Dedicated billing specialist with a strong foundation in medical billing and insurance claims management. Proficient in processing claims, resolving inquiries, and negotiating with insurance providers to enhance billing efficiency and patient satisfaction.
Overview
24
24
years of professional experience
Work History
Billing Specialist
Orthopedic Care Specialist
West Palm Beach, Florida
06.2014 - Current
Managed insurance claims submissions and tracked payment statuses accurately
Negotiated payment terms with insurance providers to facilitate timely reimbursements.
Processed check payments and generated patient bills to ensure timely revenue collection.
Responded to customer inquiries regarding billings, payments, and account status to enhance customer satisfaction.
Record charges while assessing account and verify if any outstanding matters exist with insurance or patient.
Process explanation of benefits through paper or insurance inquiries
Insurance Biller
Medreceivables Advisors
Deerfild Beach, FL
01.2011 - 06.2014
Prepared and filed appeals for denied claims, ensuring timely follow-up with insurance companies
Submitted and managed hospital claims to facilitate timely reimbursement
Contacted insurance companies to resolve outstanding balances
Expertise in insurance payment regulations including various reimbursement, coinsurance, deductibles, and contractual adjustments
Billing
Dermatology Associates
West Palm Beach, FL
01.2006 - 01.2011
Prepare and submit appeals for denied claims to insurance carriers
Followed up with insurance companies on open balances to expedite payments
Collaborated with insurance providers to review explanation of benefits and secure necessary referrals.

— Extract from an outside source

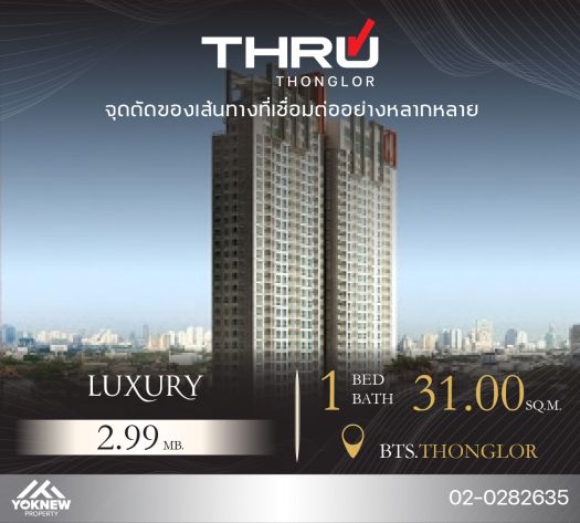 ขายThru Thonglor ใกล้ BTS ทองหล่อ ห้องราคาดีมาก ห้องตกแต่งครบ ใกล้ รถไฟฟ้า BTS ทองหล่อ

Applied knowledge of insurance payment regulations to ensure accurate reimbursement and compliance
Address patient inquiries regarding billing through effective phone communication.
coordinate with provider representatives to address claim concerns and projects
Billing
Steven D. Gelbard, M.D.
Pompano Beach, FL
01.2005 - 01.2006
Prepares and submits appeals for denied claims to insurance carriers
Follow up with insurance companies on open balances
Verified patient insurance benefits to ensure coverage accuracy.